Ô, psit!
Ô, psit!
O Carlito brasileiro não usa calças sanfonadas, nem equilibra um amarrotado chapéu coco na cabeça e muito menos faz malabarismos com uma bengala de junco. Mesmo assim, o humorista Renato Aragão não nega a influência que o cineasta inglês exerceu em sua carreira. A identificação foi tanta que em Bonga, o vagabundo, de 1969, o último dos três filmes em que atuou sozinho, Renato resolveu prestar um tributo ao genial vagabundo e recriou a clássica figura do andarilho solitário. Todos deveriam ver e rever os filmes do Chaplin. É uma obrigação de todo comediante, defende.
Obrigação ou não, a verdade é que o fascínio de Renato Aragão pelo genial vagabundo surtiu efeito. Dos 50 filmes nacionais de maior bilheteria nas décadas de 70 e 80, 19 foram protagonizados pelo célebre personagem criado pelo humorista, o abobalhado metido a esperto Didi Mocó. Autor de bordões como ô, psit! ou ô da poltrona!, Renato se orgulha em afirmar que, nos áureos tempos do quarteto, só perdeu o primeiro lugar de bilheteria para E.T., o extraterrestre, obra-prima de Steven Spielberg. Mas perdemos para um sujeito que não era nem deste mundo, gaba-se.
A filmografia de Os Trapalhões totaliza 38 filmes, realizados entre 1965, com Renato Aragão e Dedé Santana contracenando em Na onda do iê-iê-iê, até 1991, quando Os Trapalhões e a árvore da juventude, comemorou 25 anos de trajetória do quarteto, já sem Mauro Faccio Gonçalves, o Zacarias, falecido em 18 de março de 1990.
Robin brasileiroNão é por acaso que a lendária figura do nobre saxão, que rouba dos ricos para dar aos pobres, foi parodiada por Renato Aragão em dois de seus filmes: Robin Hood, o Trapalhão da floresta, de 1973, e O mistério de Robin Hood, de 1990. Por conta do reconhecimento de seu trabalho junto às crianças brasileiras, Renato aceitou o convite feito pela Organização das Nações Unidas para ser embaixador do Unicef, Fundo das Nações Unidas para a Infância, em 1991. Acho que todo mundo que dispõe de uma certa popularidade deve se aproveitar disso para defender uma causa, acredita.

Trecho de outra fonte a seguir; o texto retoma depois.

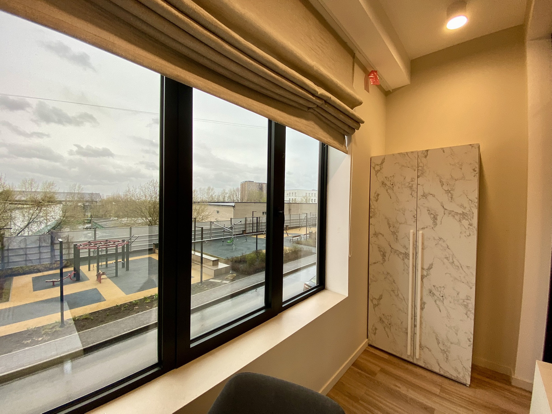 В квартире панорамные окна, открывается красивый вид на прилегающую территорию.
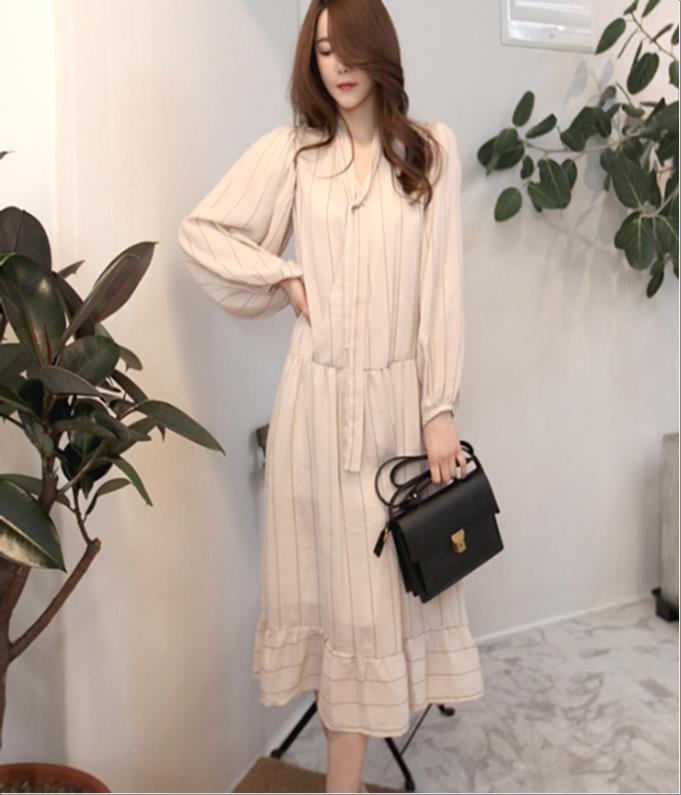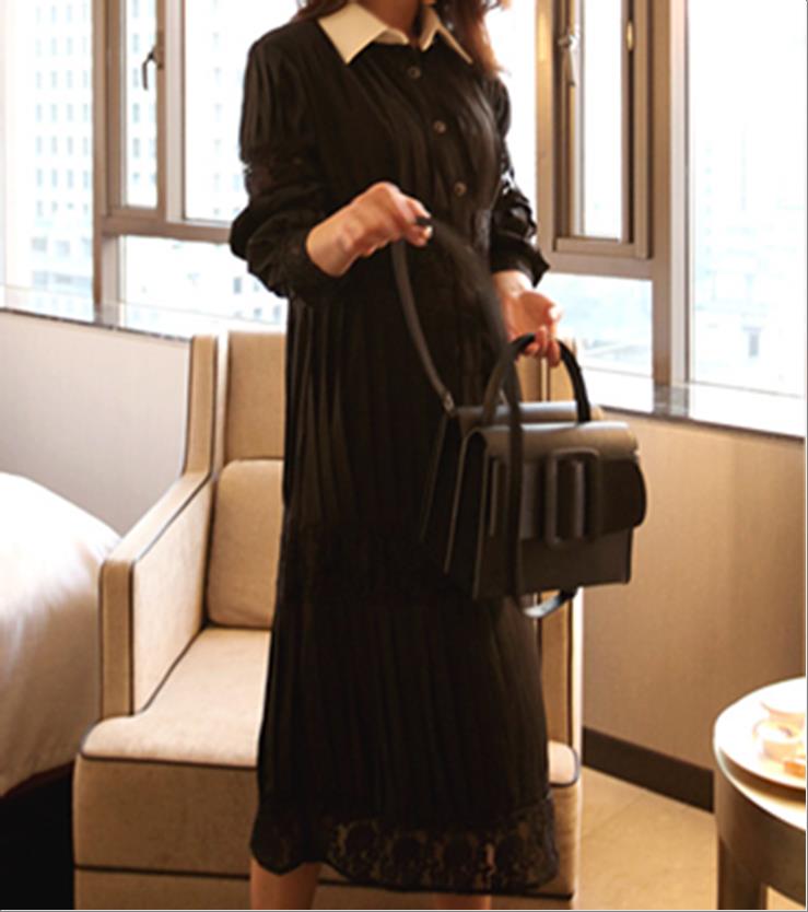 韩国官网款女装-裙子샤넬 카라 주름원피스

Na condição de embaixador do Unicef, Renato visitou recentemente Angola, onde testemunhou as condições miseráveis em que vivem as crianças que ficaram órfãs ou mutiladas em consequência da guerra civil, que já dura cerca de 20 anos. Durante os seis dias em que permaneceu na capital angolana, Luanda, Renato visitou hospitais e orfanatos da Cruz Vermelha e concedeu entrevistas, denunciando o perigo das minas que, segundo dados da ONU, deixa mutilados cerca de 100 angolanos por mês. Quem visita um país como Angola, não volta a mesma pessoa, afirma, emocionado.